**WORK REQUIRED**:
Through the line with "Slepptu farangrinum og" and starting from the first line, return the records below word for word, with pictures left out.

Extracted records:
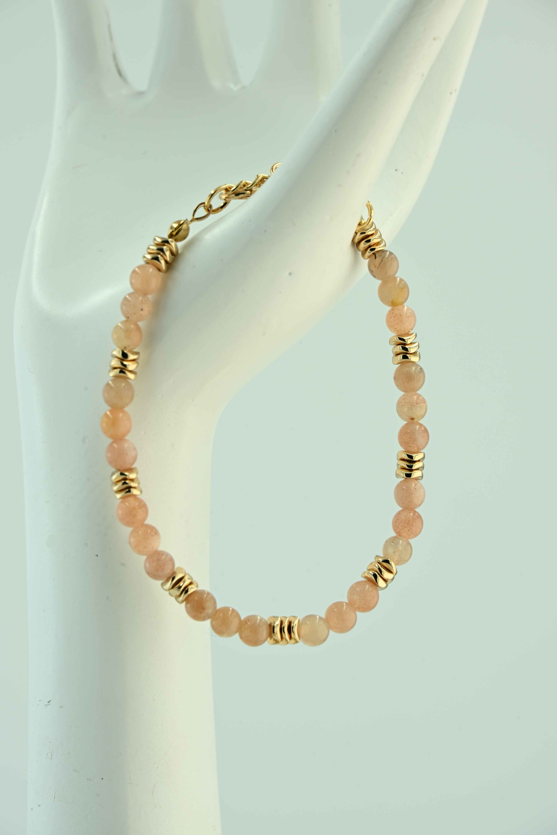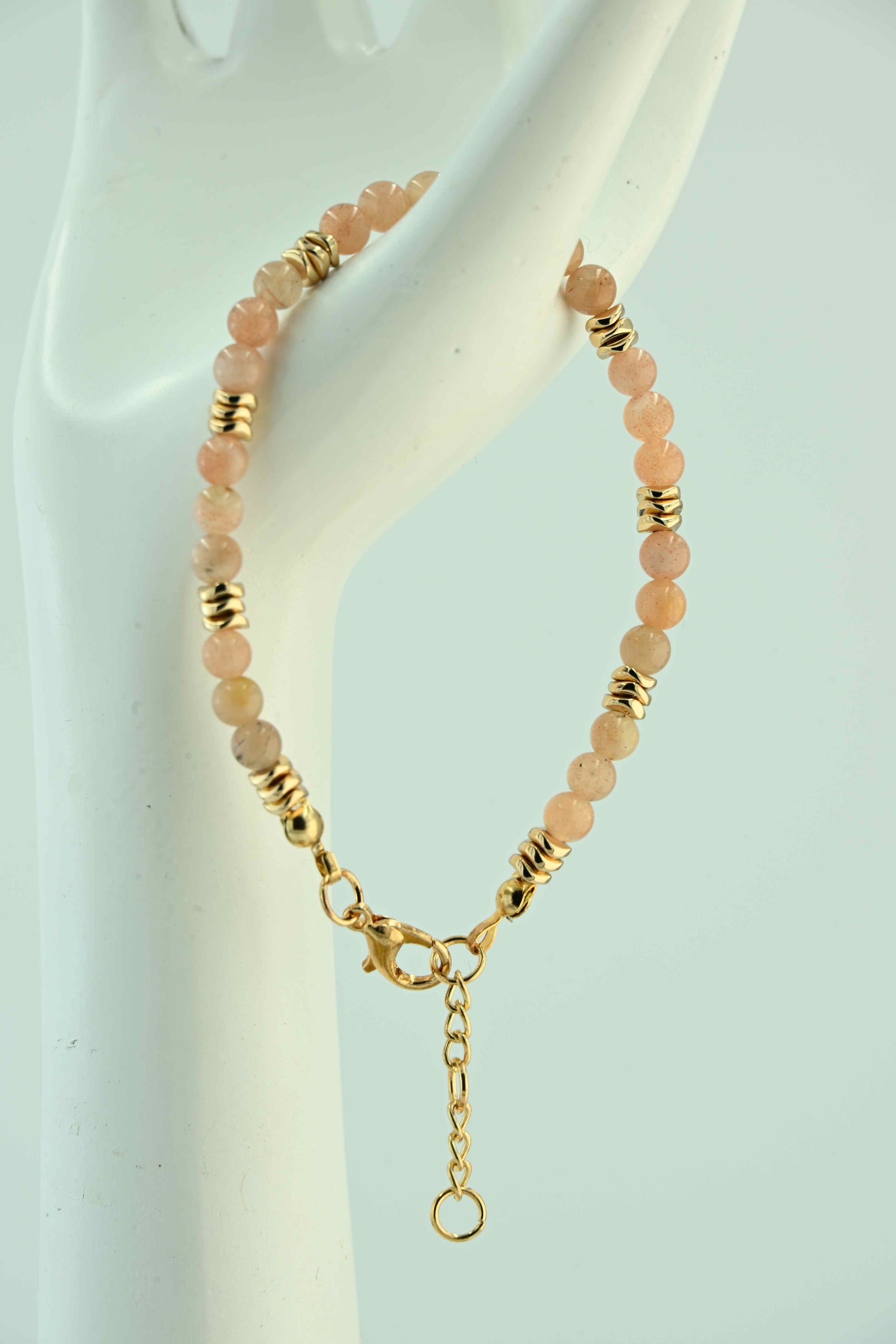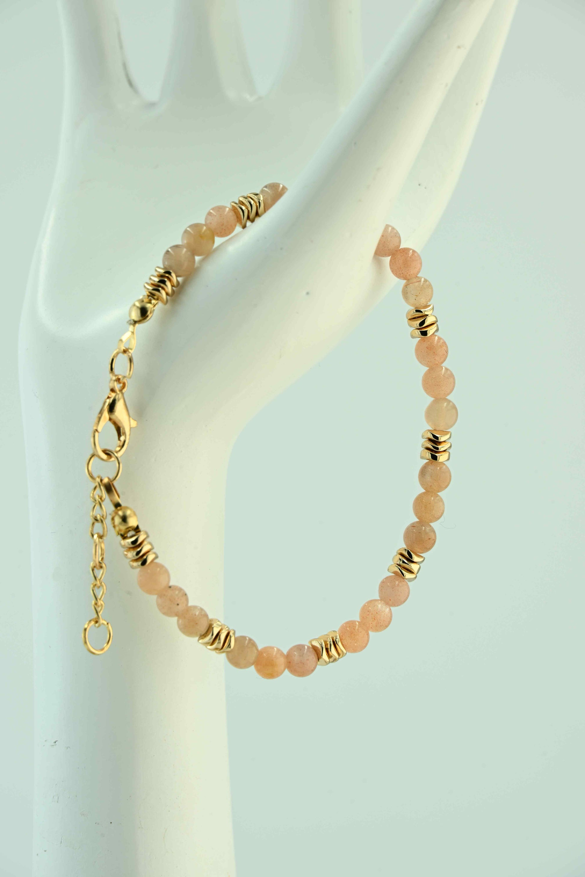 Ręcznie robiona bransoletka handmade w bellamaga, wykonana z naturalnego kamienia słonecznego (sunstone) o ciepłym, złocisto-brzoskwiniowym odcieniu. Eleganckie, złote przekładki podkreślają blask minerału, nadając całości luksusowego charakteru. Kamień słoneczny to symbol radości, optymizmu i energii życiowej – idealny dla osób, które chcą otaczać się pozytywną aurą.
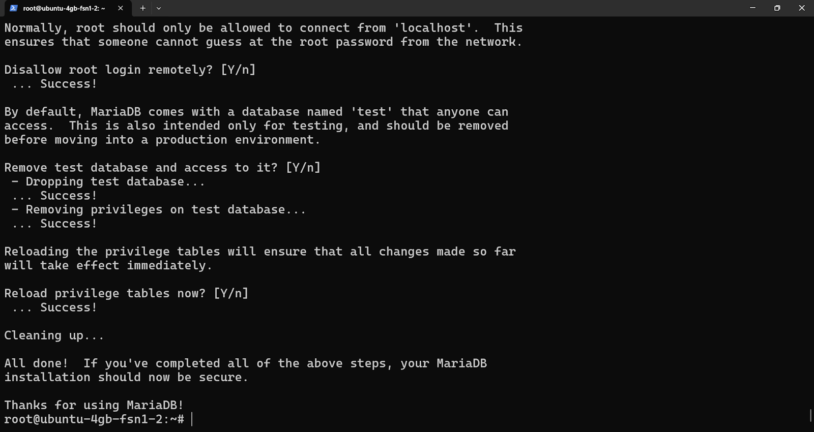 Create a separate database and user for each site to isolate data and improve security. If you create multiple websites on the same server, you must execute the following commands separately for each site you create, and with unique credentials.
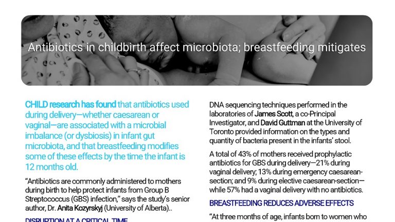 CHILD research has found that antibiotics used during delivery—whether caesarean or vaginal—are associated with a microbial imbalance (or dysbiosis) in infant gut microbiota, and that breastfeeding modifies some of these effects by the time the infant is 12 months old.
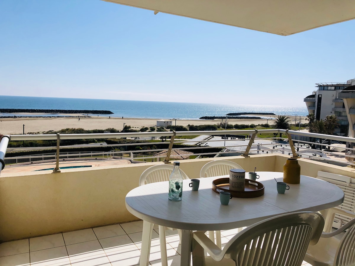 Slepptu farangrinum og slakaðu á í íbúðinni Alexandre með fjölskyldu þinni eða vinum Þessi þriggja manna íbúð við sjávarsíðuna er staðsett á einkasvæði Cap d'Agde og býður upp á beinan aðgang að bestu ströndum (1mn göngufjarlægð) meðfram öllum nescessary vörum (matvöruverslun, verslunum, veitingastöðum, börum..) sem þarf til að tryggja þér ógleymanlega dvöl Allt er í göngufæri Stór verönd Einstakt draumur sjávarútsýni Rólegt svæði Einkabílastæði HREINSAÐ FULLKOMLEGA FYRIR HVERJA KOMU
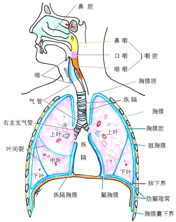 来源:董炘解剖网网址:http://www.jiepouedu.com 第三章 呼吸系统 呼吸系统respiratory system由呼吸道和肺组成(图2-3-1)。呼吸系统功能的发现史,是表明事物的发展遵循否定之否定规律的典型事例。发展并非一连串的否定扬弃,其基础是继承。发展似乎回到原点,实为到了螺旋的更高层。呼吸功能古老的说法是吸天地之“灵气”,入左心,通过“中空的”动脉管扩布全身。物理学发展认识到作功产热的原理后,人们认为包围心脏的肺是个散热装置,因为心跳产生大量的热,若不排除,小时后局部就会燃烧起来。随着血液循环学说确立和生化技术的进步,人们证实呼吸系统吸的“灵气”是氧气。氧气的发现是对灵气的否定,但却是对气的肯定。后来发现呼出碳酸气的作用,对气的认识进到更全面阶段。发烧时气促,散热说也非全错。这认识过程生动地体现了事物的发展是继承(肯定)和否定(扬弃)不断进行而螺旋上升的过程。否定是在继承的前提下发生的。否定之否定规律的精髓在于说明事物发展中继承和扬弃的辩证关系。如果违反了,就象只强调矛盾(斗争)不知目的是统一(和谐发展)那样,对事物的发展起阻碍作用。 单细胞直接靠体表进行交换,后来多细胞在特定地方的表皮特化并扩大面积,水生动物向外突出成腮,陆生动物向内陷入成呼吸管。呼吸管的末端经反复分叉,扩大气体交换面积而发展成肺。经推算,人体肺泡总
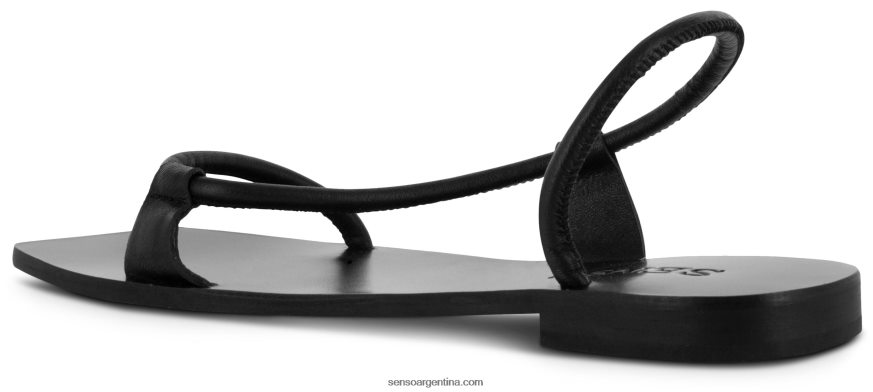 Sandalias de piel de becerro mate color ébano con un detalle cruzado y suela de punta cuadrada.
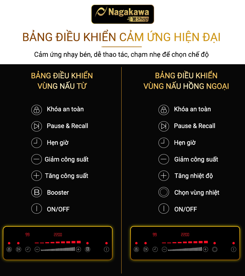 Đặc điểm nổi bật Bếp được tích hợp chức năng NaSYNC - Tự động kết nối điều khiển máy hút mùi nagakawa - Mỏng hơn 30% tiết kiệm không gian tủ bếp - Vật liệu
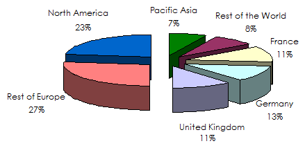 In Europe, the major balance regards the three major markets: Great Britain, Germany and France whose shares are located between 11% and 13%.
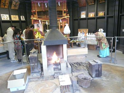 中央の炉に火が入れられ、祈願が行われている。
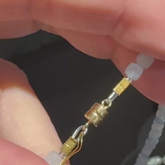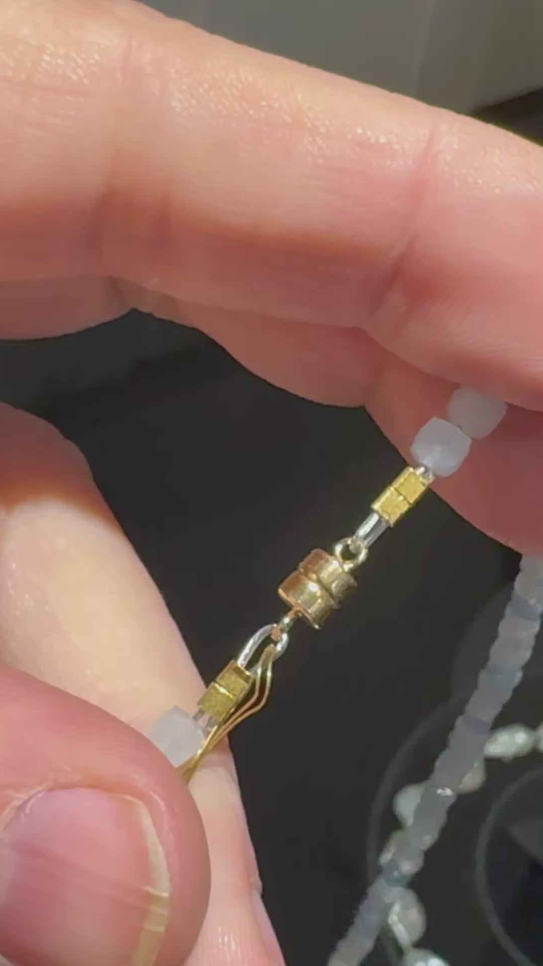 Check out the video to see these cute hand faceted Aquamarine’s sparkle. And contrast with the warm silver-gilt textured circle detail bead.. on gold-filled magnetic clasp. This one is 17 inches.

**EXPECTED ANSWER**:
 Ręcznie robiona bransoletka handmade w bellamaga, wykonana z naturalnego kamienia słonecznego (sunstone) o ciepłym, złocisto-brzoskwiniowym odcieniu. Eleganckie, złote przekładki podkreślają blask minerału, nadając całości luksusowego charakteru. Kamień słoneczny to symbol radości, optymizmu i energii życiowej – idealny dla osób, które chcą otaczać się pozytywną aurą.
 Create a separate database and user for each site to isolate data and improve security. If you create multiple websites on the same server, you must execute the following commands separately for each site you create, and with unique credentials.
 CHILD research has found that antibiotics used during delivery—whether caesarean or vaginal—are associated with a microbial imbalance (or dysbiosis) in infant gut microbiota, and that breastfeeding modifies some of these effects by the time the infant is 12 months old.
 Slepptu farangrinum og slakaðu á í íbúðinni Alexandre með fjölskyldu þinni eða vinum Þessi þriggja manna íbúð við sjávarsíðuna er staðsett á einkasvæði Cap d'Agde og býður upp á beinan aðgang að bestu ströndum (1mn göngufjarlægð) meðfram öllum nescessary vörum (matvöruverslun, verslunum, veitingastöðum, börum..) sem þarf til að tryggja þér ógleymanlega dvöl Allt er í göngufæri Stór verönd Einstakt draumur sjávarútsýni Rólegt svæði Einkabílastæði HREINSAÐ FULLKOMLEGA FYRIR HVERJA KOMU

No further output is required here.